The greatest challenge for lung cancer clinical management has become markedly evident with the use of immunotherapy (IT). There is increasing evidence of the role of the host immune system in immunosurveillance and tumor rejection in which every known innate and adaptive immune effector mechanism participates. Moreover, may be transitory or long-lasting a crucial role so that local immunosuppression in a tumor context caused by chronic inflammation has protumor effects, whereas enhancing T-cell function and dendritic cell maturation derived from acute inflammation has the opposite (antitumor) effect [25]. Thus, the immune system has been recognized as another important cancer hallmark [26]. This has led to the development of therapeutic strategies focused in this direction, such as molecules for reactivating the host immune response as cancer vaccines or checkpoint inhibitors to emphasize intrinsic antitumor immunity [27]. However, a high percentage of patients with lung cancer do not respond to these treatments, or their responses may be transitory or long-lasting. Here, we review the relevance of immunotherapy in lung cancer, with a focus on the underlying resistance mechanisms of the disease.
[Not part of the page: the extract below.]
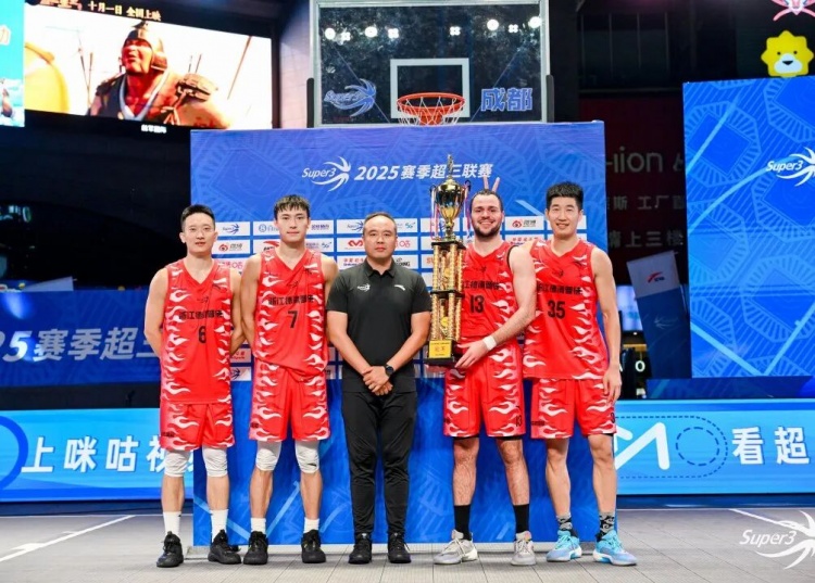 9月21日,2025赛季超三联赛成都大区赛在海滨城购物中心举办。晚间决赛中,浙江德清普徕后程发力,在决胜阶段打出一波6-1的小高潮,以21-17爆分战胜湖州朱雀火箭,上海久事和重庆瀚动分获第三四名。 四川省篮球协会裁委会副主任、成都市篮球协会裁委会主任刘华波为获胜队伍颁奖 决赛回顾 决赛在湖州朱雀火箭与浙江德清普徕之间展开。比赛开局,两队外援在篮下为各队首开比分,随后浙江德清普徕的张翔命中一记远投,帮助球队以3-2取得领先。此后,湖州朱雀火箭凭借李龙元的火热手感一路领先,浙江德清普徕虽屡次追平比分,但直到比赛还剩两分半时才终于凭借张翔罚球命中以14-13反超比分。在双方都陷入犯规困扰时,黄旭挺身而出,他先是两罚全中,随后本队外援科瓦切维奇在内线打中,黄旭锦上添花,命中一记外线远投后,又在内线上篮得手,以21-17打爆比赛,带领球队斩获本站比赛冠军。 数据方面,科瓦切维奇8分6篮板1助攻,黄旭7分1助攻,张翔4分2篮板,魏政贤2分4篮板;湖州朱雀火箭这边,李龙元8分2篮板3助攻,尼古拉4分6篮板,李浩南4分4篮板,孟翔1分1篮板1助攻。 成都大区赛最终排名: 1. 浙江德清普徕 2. 湖州朱雀火箭 3. 上海久事 4. 重庆瀚动 5. 南海龙狮 6. 成都和众 7. 龙华润庆翔 8. 贵州贵阳奥弗 下一站大区赛将于9月25日-9月26日在德清赛区举办。 咪咕直播二维码

3. Immunotherapy for Lung Cancer

Immuno-oncology has emerged as a promising field that seeks to reinforce the host’s own immune system to avoid immune evasion of the tumor by recognition of tumor-specific antigens (neoantigens) and tumor-associated antigens (TAAs) that trigger an immune reaction that causes tumor remission [28]. Therefore, attacking tumor cells directly is no longer the target of the therapy, but the strategy is redirected towards the immune system. This makes it work for any tumor histology or driver mutation, and the side effects are different from other therapies [29]. Accordingly, cancer immunotherapy has been developed based on several approaches, ranging from stimulating effector mechanisms to counteracting inhibitory and suppressive mechanisms. Vaccines are among the strategies to activate immune effector cells, while additional stimulation strategies include cytokines, adoptive cell therapy and oncolytic viruses. On the other hand, the use of antibodies against immune checkpoint molecules stands out as one of the strategies to neutralize immunosuppressive mechanisms [30] (Figure 1).

Cancers 12 03729 g001 550

Figure 1. Different strategies and immunotherapeutic agents with clinical application in lung cancer. Created with Biorander.com.
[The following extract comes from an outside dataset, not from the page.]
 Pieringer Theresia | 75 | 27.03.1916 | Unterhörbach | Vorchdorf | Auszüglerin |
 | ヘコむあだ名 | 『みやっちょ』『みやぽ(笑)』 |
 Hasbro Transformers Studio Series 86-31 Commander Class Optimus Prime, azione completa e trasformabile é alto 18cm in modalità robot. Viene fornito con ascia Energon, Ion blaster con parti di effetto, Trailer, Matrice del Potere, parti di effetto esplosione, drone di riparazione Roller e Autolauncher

Thus, since the activation of the immune checkpoint pathways is a very frequent tumor evasion mechanism, the use of inhibitors against immune checkpoints (ICIs) arises as IT, stimulating antitumor responses towards tumor-specific antigens within the TME, which is composed of stromal cells, immune cells, and extracellular matrix, all of which are closely related to tumor cells. The rate of tumor-infiltrating immune cells in the TME can be classified as immunodesert (noninfiltrated or also called ‘immunologically cold’), immunoexcluded (peripheral immune infiltration around tumor cells) and immunoinflammed (infiltrated or also called ‘immunologically hot’). The latter expresses immune checkpoint molecules and is correlated with a more favorable response to ICI therapy [31].
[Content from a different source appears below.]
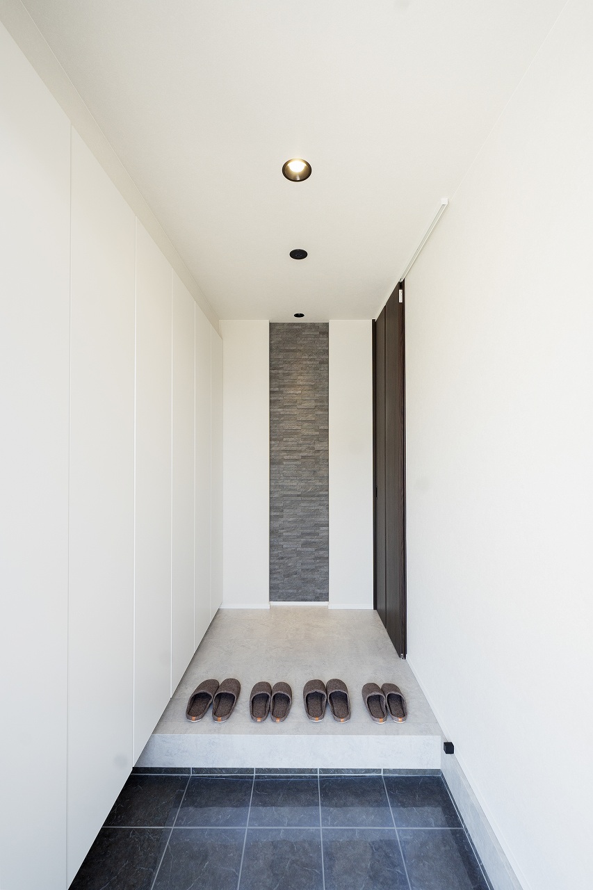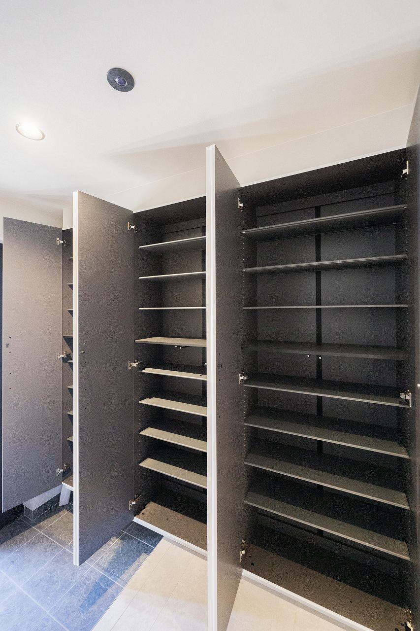 300足以上も収納可能なシューズクローク!- 玄関にある収納棚は大容量で、家族全員の靴がすっぽりと入るほどの広さなので、散らかることなくすっきりとした玄関を保つことができます。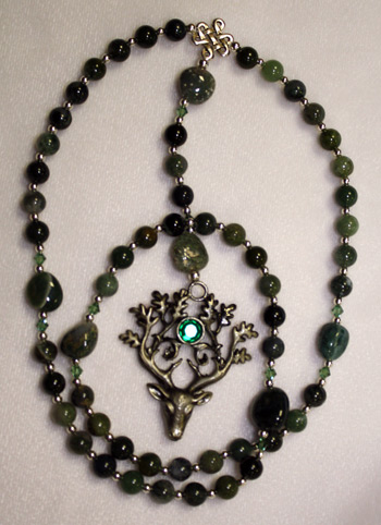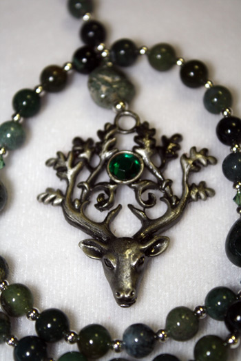 One of our most popular and striking pieces, this guardian of the forest is useful for focusing on the wild things over which you have no control. It is a good way to work with those energies and bring yourself into alignment with them. This rosary is made out of 8mm Moss Agate beads, with green Swarovski Crystal and sterling silver spacer beads, along with larger green Jasper nuggets for the “Pater” beads. The connector is a Celtic Knot, and the 2 ¼ inch pewter Stag’s Head pendant features a large green crystal between the antlers.

Because IT has promising results in terms of survival and quality of life, more treatments of this type for lung cancer are trying to be developed, since it is frequently diagnosed in advanced stages, when other classical therapies such as surgery, chemotherapy, and radiotherapy are minimally effective. Nonetheless, IT can be combined with any of the therapeutic modalities already described. While the synergistic effects of combining these drugs are being evaluated, they do not produce additional toxicities or death [29].

3.1. Nonspecific Immunotherapies

Nonspecific immunotherapies, also known as immunomodulatory therapies, are not directed against a specific antigen but rather aim to bolster the antitumor immune response. They usually involve both the innate and adaptive responses of the immune system, and their mechanisms of action can be direct antitumor effects, reversing immunosuppression, activating innate immunity, and activating antigen-nonspecific T-cells [32]. These treatments include cytokines (interleukins and interferons) as the most frequently used compounds, although there are others, such as immune-stimulatory agents (CpG oligonucleotides or Bacille Calmette-Guérin, BCG), antibodies and enzyme inhibitors [32]. The two Food and Drug Administration (FDA)-approved cytokines for the treatment of severe malignancies are IL-2 and IFN-α; however, neither of them has an indication in lung cancer.

3.2. Oncolytic Viruses (OVs)

Tumors create an immunosuppressed microenvironment that allows them to escape from the immune system, but in turn, this makes tumors more sensitive to viral infections. Oncolytic virotherapy, which uses attenuated and genetically modified viruses capable of selectively infecting tumor cells, is based on this premise, taking advantage of the deregulated pathways to produce cell lysis. The second mechanism of action of OVs is the induction of antitumor immunity, which takes place thanks to the antigens released during oncolysis. The third is the ability to produce acute vascular-disrupting effects that lead to tumor reduction [33]. Thus, in OV therapy, the virus is the active agent itself and not a carrier, as occurs in gene therapy [34]. The advantages of oncoviral immunotherapy are its specificity targeting tumor cells, its independence of specific receptor expression patterns and therefore of the associated resistances, and its ability to enhance the antitumor immune response or induce a novel nonself antigen response [35].

Some of the viruses that are being considered for this type of immunotherapy are from the herpes simplex family, such as fowlpox virus, Newcastle disease virus, reovirus and measles virus (MV), but some adenoviruses, picornaviruses (including coxsackie), reovirus, maraba, vaccinia virus, retroviruses and mumps are also considered [35][36][37]. In 2015, the FDA approved talimogene laherparepvec (T-VEC or Imlygic), a second-generation oncolytic herpes simplex virus type 1 (HSV-1) armed with Granulocyte Macrophage colony-stimulating factor (GM-CSF) [34], for the treatment of metastatic melanoma, which was the first approved oncolytic viral immunotherapy, although there are several clinical trials of oncolytic viruses that cover almost all solid tumors, including lung cancer.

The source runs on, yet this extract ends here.